A Joint Policy Agenda: Legislative Actions Needed to Reduce California’s Earthquake Risk

March 08, 2023 4:18 PM | Anonymous

A Joint Policy Agenda from the Earthquake Engineering Research Institute (EERI) and the Structural Engineers Association of California (SEAOC)

February 2023

As members of California’s earthquake engineering and structural engineering communities, we have dedicated our professional lives to reducing impacts from earthquakes through research, design, code and policy development, and advocacy. We are unfortunately too familiar with the devastation that earthquakes can cause to our built environment and the toll they take on society. But it does not have to be this way. While earthquakes are inevitable, the disaster can be prevented.

For decades, California has led the world in developing, adopting, and enforcing building codes and laws to improve seismic safety. We have learned from past losses. Large and impactful earthquakes in California and around the world have led to updates of our laws and codes accordingly. The first seismic legislation in California was the Field Act, enacted in the wake of the 1933 Long Beach earthquake that toppled unreinforced masonry schools and crippled the region’s recovery for years. As a direct result of the Field Act, our State’s public schools have the strictest building code requirements and enforcement in the nation. Since then, dozens of additional state and local laws have been enacted that further improve the safety of our state’s buildings.

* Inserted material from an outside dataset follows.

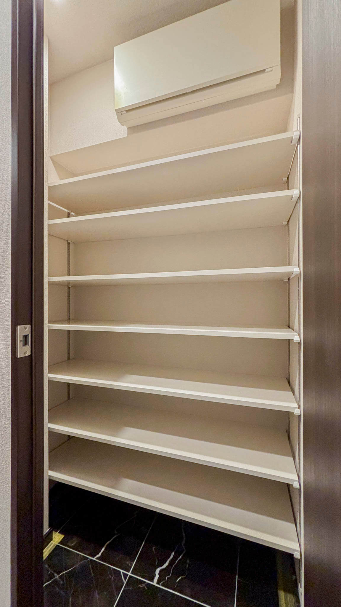 玄関にはSIC(シューズインクローゼット)を設置。自由度の高い可動棚で、ロングブーツやレインシューズもすっきり収納できます。

Yet these measures are not enough. Despite our global leadership on seismic safety, California’s cities remain at risk—of collapsed older buildings, significant economic and social disruption, and prolonged recovery times. We have identified three priority actions that are critical to improving our community safety and resilience.

First, we must identify and retrofit our existing vulnerable buildings. California cities are plagued with thousands of buildings at risk of collapse, many of which provide affordable housing. Communities across California are taking action to protect their residents, but many others need help. Los Angeles, Santa Monica, San Francisco, Berkeley, Oakland, San José, and others, including some tribal communities, are working hard to identify and retrofit some of their vulnerable buildings. We applaud these proactive efforts and encourage other jurisdictions to similarly work to improve their community resilience. A new state-funded seismic retrofit program for vulnerable multi-family housing (California Government Code Section 8590.15 et seq) was approved in 2022 with $250 million that would help these efforts, but the Governor’s initial 2023 budget proposal eliminated that funding. The California Residential Mitigation Program must be preserved to help jurisdictions identify and retrofit their vulnerable buildings and protect housing.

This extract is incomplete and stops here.